繰り返し同じ音量で流れたそれは、そのまままた伸びたテープのようなベルの音で締めくくられた。
まだ耳は痛い。グワングワンと揺れる鼓膜が落ち着いたのを見計らってフロイドは両手を離した。
「う、っせぇなぁ。なにあれ。」
「人の声に聞こえたが…。内容は聞き取れなかった。何語だ?あれは。」
「え…。」
ジャミルの言葉に監督生が呟く。そしてサッと青ざめた顔のまま俯いてしまった。
フロイドとジャミルにはただ爆音で意味不明な声が聞こえたに過ぎなかったが、監督生にはしっかりと言葉として聞き取れていた。それが気味悪くて震える監督生を宥めながらフロイドは聞こえた内容を問う。
「朝の挨拶と、授業が始まるから速く登校しろ、って…。」
「普通の事言ってんのが余計キモイ。」
やはり行くしかないのか。フロイドはずっと目を逸らしていた建物をしっかりと見据える。
茶色いような黒いような、長年使用されて汚れた塀を挟んだ向こうにある、監督生が『ショウガッコウ』と呼んだそれ。

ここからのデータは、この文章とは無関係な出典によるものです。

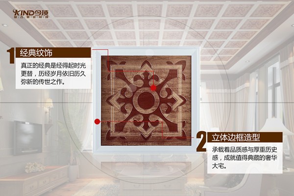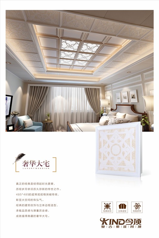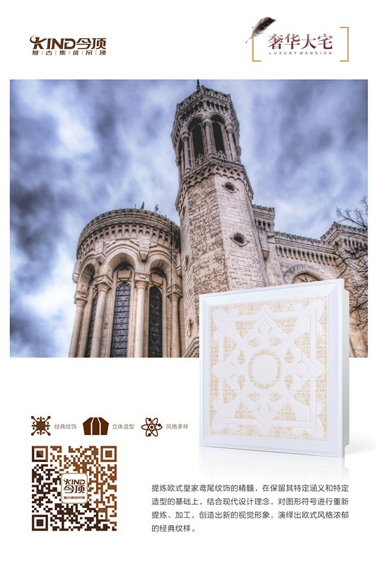 以經(jīng)典和奢華為主題融入經(jīng)典建筑藝術元素,今頂復古集成吊頂“奢華大宅系列”,迎合精益求精的工匠精神,高品質打造出0.7mm加厚板材。通過對傳統(tǒng)徽派建筑窗格圖形的提煉、組織和運用,構圖上追求對稱、均衡與穩(wěn)定,喚起人們對徽派建筑的回憶,中心為美的思想引起強烈審美共鳴,體現(xiàn)家居生活深厚的文化內涵。提煉歐洲經(jīng)典藝術文化,結合現(xiàn)代設計理念,創(chuàng)造出新的視覺立體形象,演繹出歐式風格濃郁的經(jīng)典紋樣。拋棄過多繁復的刻意修飾,以簡約經(jīng)典的藝術形態(tài)呈現(xiàn)豐富多彩的“奢華大宅”系列。
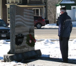 Mills then shared the histories of Farmington’s veterans’ monuments at which the wreaths were placed.
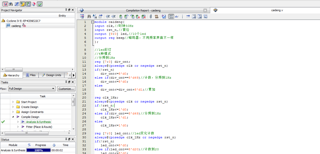 名称:四种花样彩灯控制器设计Verilog代码Quartus仿真
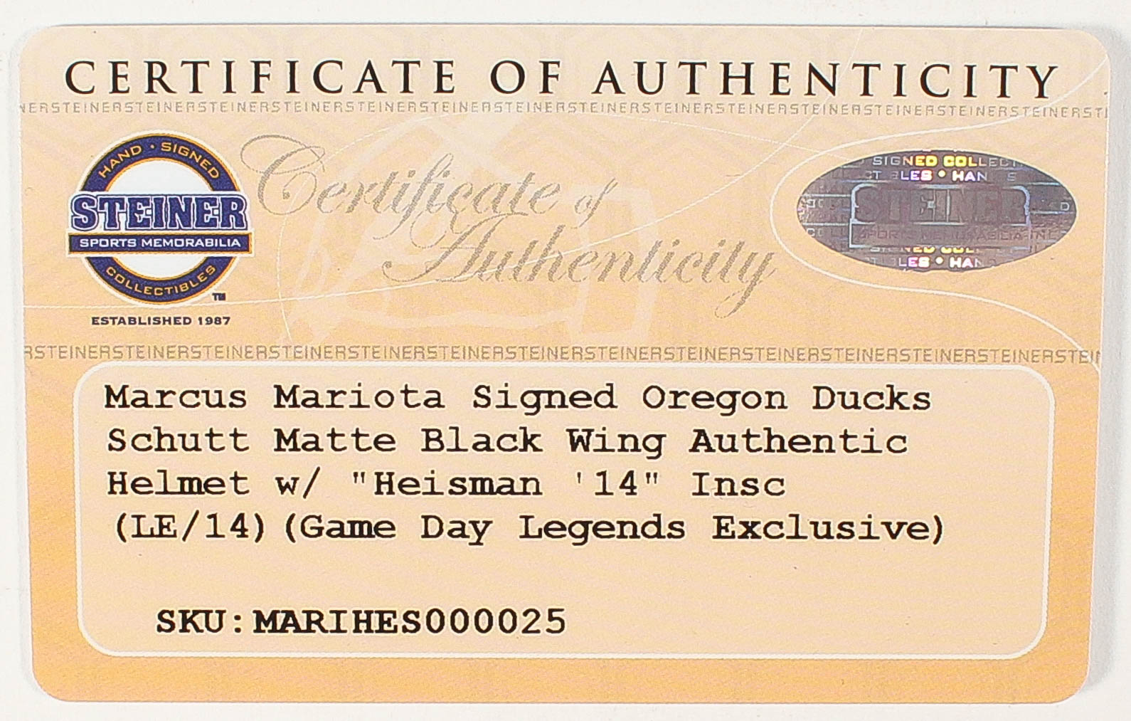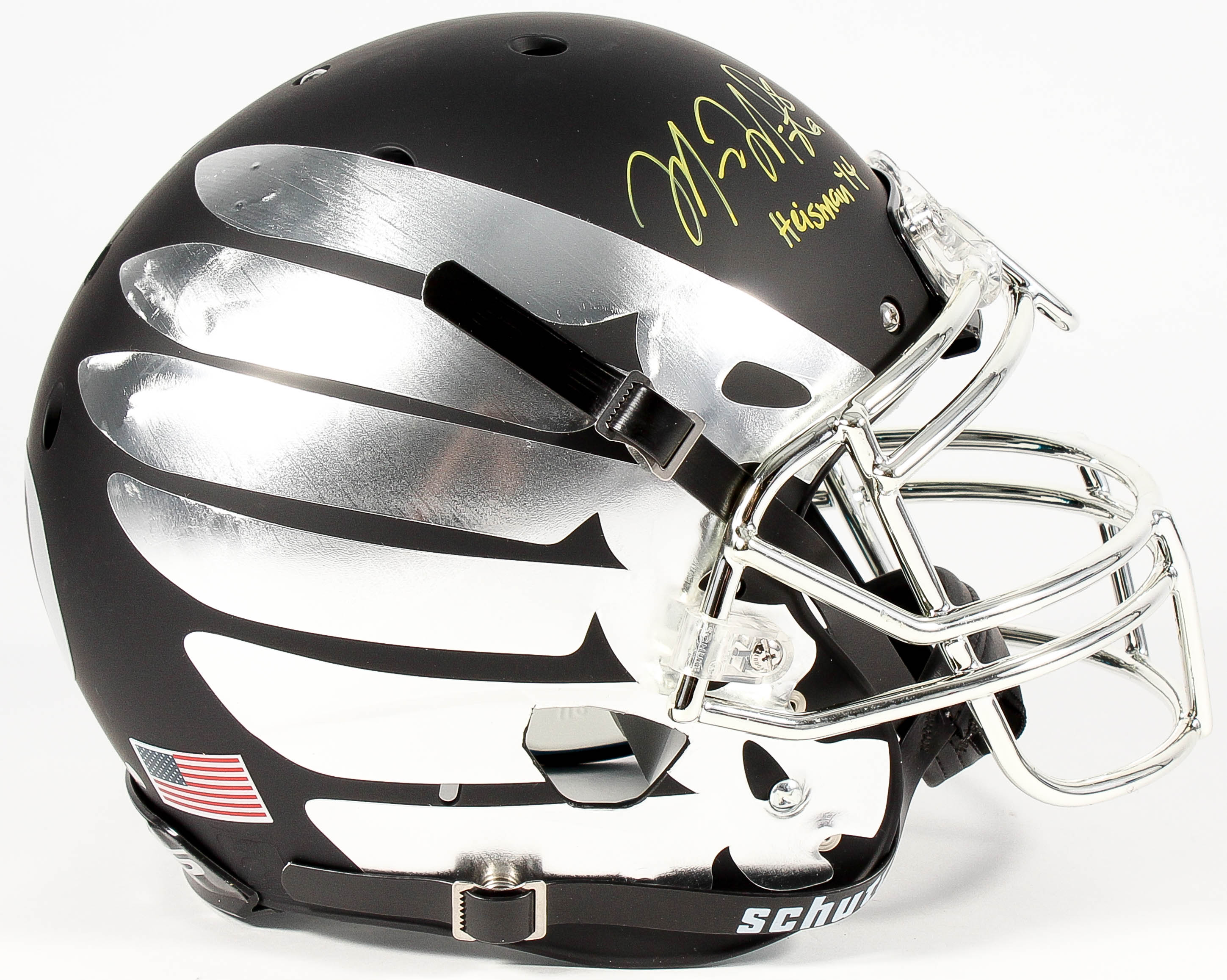 Marcus Mariota Signed LE Oregon Ducks Full-Size Authentic Pro-Line Custom Matte Black & Chrome Wings Helmet Inscribed "Heisman '14" (Steiner COA)

コンクリートの外壁でできた3階建てで1階の出っ張った部分にはガラスで出来た扉があり、そのまま真っ直ぐ上へと伸びた先には大きな時計があった。時計版は元はきっと白かったのだろうが、周りを囲う金具のせいで赤茶色に錆びており数字もところどころ霞んでいる。分針は壊れる寸前のように6のところで小刻み揺れていた。

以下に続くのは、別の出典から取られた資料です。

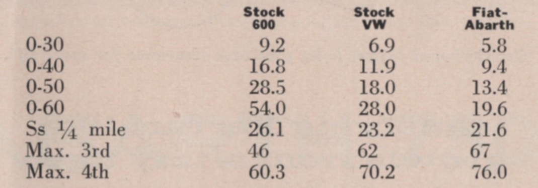 It sure tells me one thing: The standard Fiat 600 would have been no fun. Even the earlier-cited tiny Berkeley’s top speed of 58 mph came with relative promptness in getting there. And I’d suspect the BMW-Isetta’s rolling-egg 0-50 in 52 seconds would have had its idiocentric charm. And, of course, there’s that Beetle-baiting.
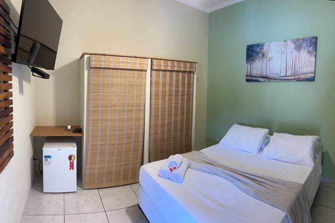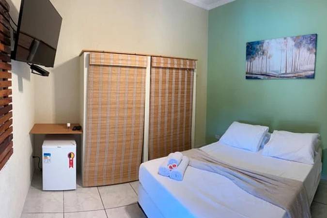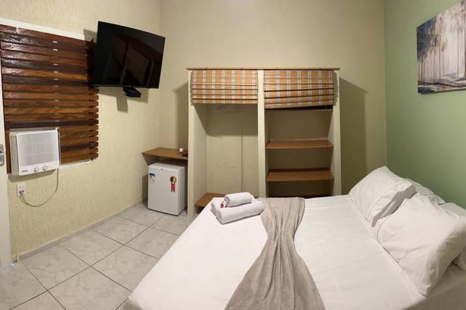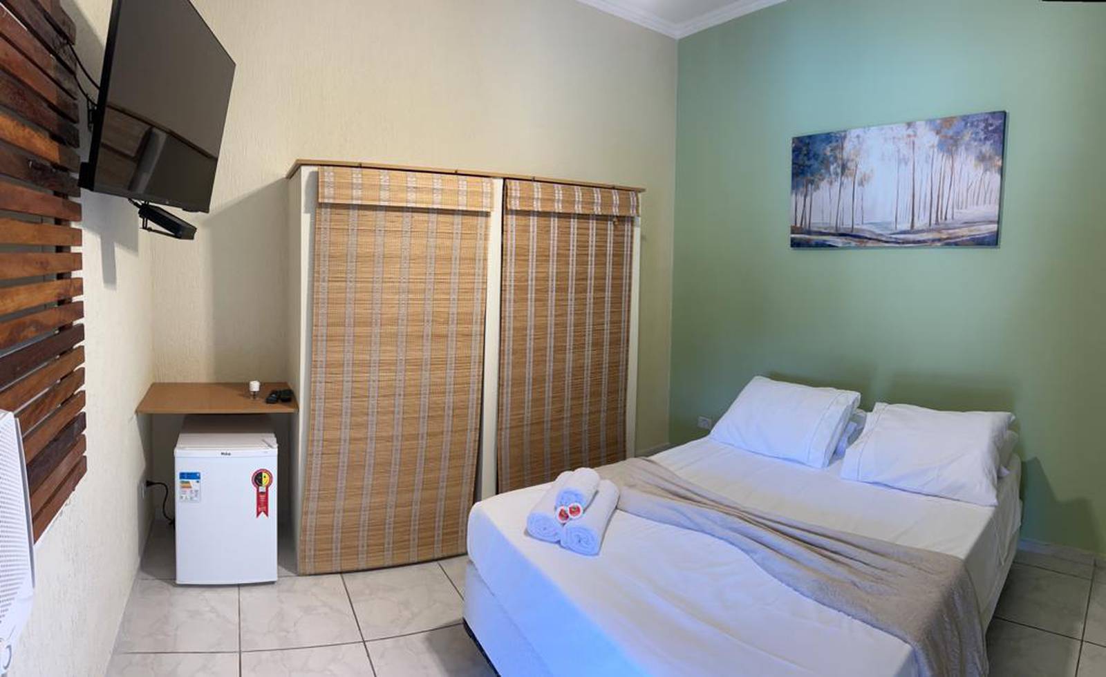 Acomodação perfeita para 03 hóspedes com uma cama casal + uma cama auxiliar solteiro, TV 43” com pacote de canais Vivo TV e as seguintes comodidades:

2、3階には等間隔にガラス窓がはめ込まれていた。ヒビはなくどこからかの光を反射している物もある。しかし中は異様に暗く、人の影は見えず生き物がいるとは思えない。
全体的に陰鬱として禍々しい空気に包まれるそれに、フロイドは自身の兄弟がキノコを部屋に大量に持ってきた時以上に顔を顰める。
監督生もまさか母校がこんなことになっているとは思わずショックを隠せなかった。こんな形で見たくなかった。タイムカプセルを掘り起こすとかで来たかった。しかしあの耳が壊れそうな放送は学校から流れていたし、どう考えたってここ以外に帰るための鍵があるとは思えなかった。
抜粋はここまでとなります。